No formal charges have been brought against the school. Mike Landry pleaded guilty to simple battery in 2013 after being accused of beating a student at the school. The status of ongoing federal and Louisiana State Police investigations into the practices of the school is unclear.

The film’s goal was never to judge the families and students of T.M Landry. Fundamentally, Chen believes the students put in the hard work. Instead, he hopes Accepted can spark conversations about our education system and how colleges operate. 

It takes aim at a bigger picture through the students’ stories — whether the school and schools like it lead students with a false image of meritocracy in America. 

T.M. Landry student Alicia Simon
Alicia Simon, one of the T.M. Landry students profiled in “Accepted.”

“The idea of meritocracy is hard work equals success, and hard work equals success in exactly the way you imagined it will be. I also don’t want to discount or discourage people from working hard… a lot of the students in the film say there were aspects of the school that did put them in a better direction. There are no easy answers,” Chen says. 

T.M. Landry Board Chairman Greg Davis, who appears in the documentary, has continued to defend the school, claiming the Times article was misinformed.  

Davis, a local civil rights advocate with a long history in education, maintains the school never falsified transcripts, embellished applications or fluffed ACT scores. Davis says T.M. Landry students never took ACTs administered by the school, as alleged. Rather, the students traveled to LSU and UL to take the test.

Davis also pushes back on the film’s central theme: that meritocracy itself might be an illusion. 

“If you have lots and lots of money, I think that it’s possible for you to game the system,” Davis says. “But I can assure you we did not have and do not have lots and lots of money. Our parents were struggling working families.”

Davis became involved with the school in 2016 after finding what he believes is an example of the kind of education reform he has advocated for since the 1980s. 

“My belief was that Black children were capable of the highest levels of academic achievement,” Davis says. “T.M. Landry does not follow the traditional education model for education in Louisiana. It uses a radically different method. … It has gotten Black children into America’s top universities.”

Davis questions the motives of the teachers who approached the Times, claiming they intended to tarnish the school’s reputation for their own benefit. 

Indeed the school’s success was derailed by the Times story and the coverage that followed. At the time, T.M. Landry was planning to expand to Baton Rouge, Davis says. Now the school’s Lafayette and Breaux Bridge locations are shuttered, and it’s running out of Mike Landry’s home. Enrollment has shrunk severely. 

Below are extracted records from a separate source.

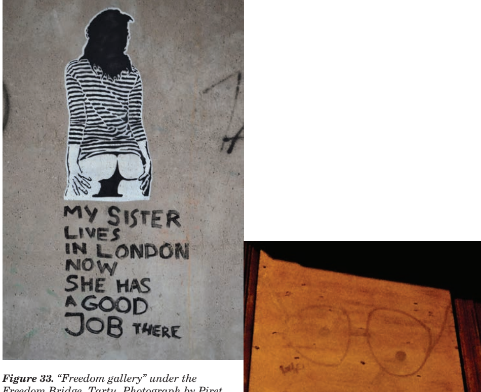
Figure 33. "Freedom gallery" under the Freedom Bridge, Tartu. Photograph by Piret Voolaid, March 2014.

accompanied by a text in English: "My sister lives in London now, she has a good job there". This is an anti-capitalist criticism of sorts and depicting nudity is ambivalent: it either represents a "sexualised gender cliché" and/or social criticism (an Eastern European woman working as a prostitute in London). In most cases, women are represented merely as sexual objects (Figs. 34–36).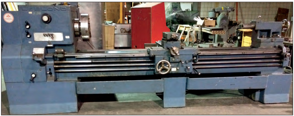
LEBLOND 26" X 96" "REGAL SERVO SHIFT" ENGINE LATHE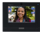
IX-MV7-B IP Video Master Station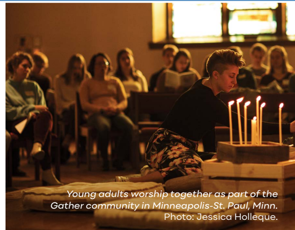
Young adults worship together as part of the Gather community in Minneapolis-St. Paul, Minn.

Engaging the next generation of leaders is central to our mission, especially through the ministries of our young-adult communities. Through programs such as Young Adults in Global Mission (YAGM), campus ministries and the International Leaders Program, young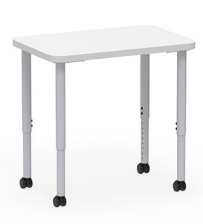
Ruckus Post-Leg Desks >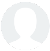
Fernando Lima Partnership Realty Inc.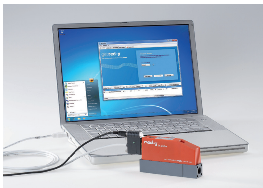
Fig.2 get red-y Software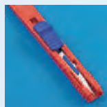
#11 safety scalpel

Basic Soft Tissue Biopsy Tray Pkg. 10 per case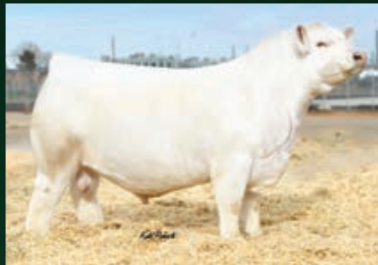
PCC BOURBON 118J // LOT 10B SIRE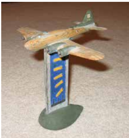
B-17 Model with H

This was carved from bed slats. It is complete to crew members and the power-gun turrets are movable.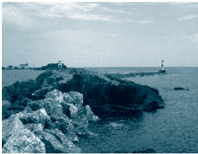
On the shore of Lake Superior in Grand Marais, Minnesota

LAND TRUSTS sometimes work with communities to protect waterfronts. One particularly successful example is from Grand Marais, Minnesota, where much of the harbor and shoreline were protected from development by land trusts. The land is now maintained as parks, a municipal campground, the harbor itself, and other uses open to the public. In Hawaii, the Maui Coastal Land Trust has been very successful in acquiring conservation easements on critical coastal parcels (see Case Study: ▼), and a Maui developer who planned 52 residences on a coastal parcel redesigned his project to better accommodate the community's vision of preserving coastal access. After the public outcry in response to his original design, as well as through education provided by University of Hawaii Sea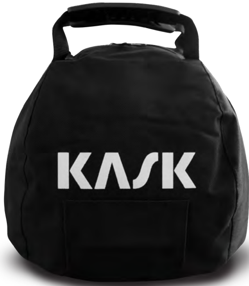
Helmet Bag UAC00003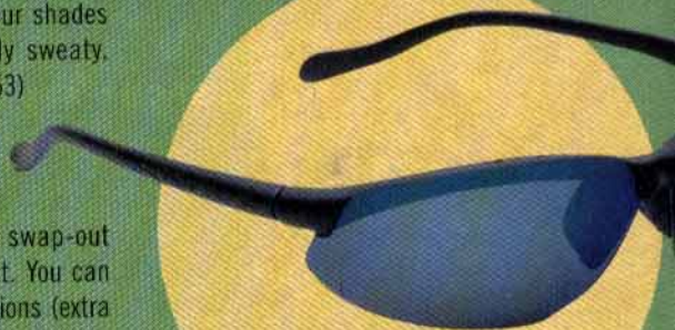
Native Dash XR

Zeal Blast ($90) Mountain bikers and roadies will dig the swap-out polycarbonate lenses of the Blast. You can pick the right lens for the conditions (extra lenses for $20 to $50). The patented anti-fog vented frame has interchangeable nose pads and a removable sweat guard for a truly customizable fit. Impact-resistant and 100 percent UV protection. ( www.zealoptics.com or [435] 259-6970)

“The community does not believe that Black [children], especially Black children that are zoned for poor Black schools, are capable of the highest academic achievement,” Davis says. “The reputation of T.M. Landry was destroyed. I’ll be honest with you, to most people in Lafayette right now man, Black people and white people, T.M. Landry is a scumbag,” he adds. 

Accepted offers an intimate moment of reflection as students head to college or choose to take time off to reconfigure. The film puts their testimonies front and center, as they probe for meaning in what they went through. 

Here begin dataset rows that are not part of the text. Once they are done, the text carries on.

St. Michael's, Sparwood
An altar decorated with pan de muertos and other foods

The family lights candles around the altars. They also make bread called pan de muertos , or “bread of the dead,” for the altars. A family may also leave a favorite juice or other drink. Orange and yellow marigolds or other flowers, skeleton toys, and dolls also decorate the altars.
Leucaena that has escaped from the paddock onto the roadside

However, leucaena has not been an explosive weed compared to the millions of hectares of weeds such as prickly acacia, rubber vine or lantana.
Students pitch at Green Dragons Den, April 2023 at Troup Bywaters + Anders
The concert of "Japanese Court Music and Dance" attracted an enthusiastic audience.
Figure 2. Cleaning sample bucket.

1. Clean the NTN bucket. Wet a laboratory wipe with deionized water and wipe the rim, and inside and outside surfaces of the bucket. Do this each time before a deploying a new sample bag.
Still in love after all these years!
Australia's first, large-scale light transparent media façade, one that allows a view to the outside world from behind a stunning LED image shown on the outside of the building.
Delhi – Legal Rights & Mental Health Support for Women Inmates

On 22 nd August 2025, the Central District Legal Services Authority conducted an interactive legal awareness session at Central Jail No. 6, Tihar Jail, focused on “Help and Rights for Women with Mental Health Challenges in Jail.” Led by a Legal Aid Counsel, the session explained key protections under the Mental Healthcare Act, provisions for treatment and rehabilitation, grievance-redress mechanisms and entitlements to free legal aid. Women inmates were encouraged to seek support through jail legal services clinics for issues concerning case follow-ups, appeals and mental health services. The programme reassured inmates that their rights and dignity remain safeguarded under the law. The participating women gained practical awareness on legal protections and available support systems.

“Too often in our society, we view education of Black children as a philanthropic enterprise. We see education as a gift to be bestowed upon Black students instead of as a public good to be accessed,” writes T.M. Landry graduate Alicia Simon, one the students profiled in the film, in her college essay. 

“We celebrate miracle schools as a remedy for centuries of inequality, casting away all criticisms. T.M. Landry was supposed to be the remedy to America’s education crisis but it actually turned out to be part of the problem.”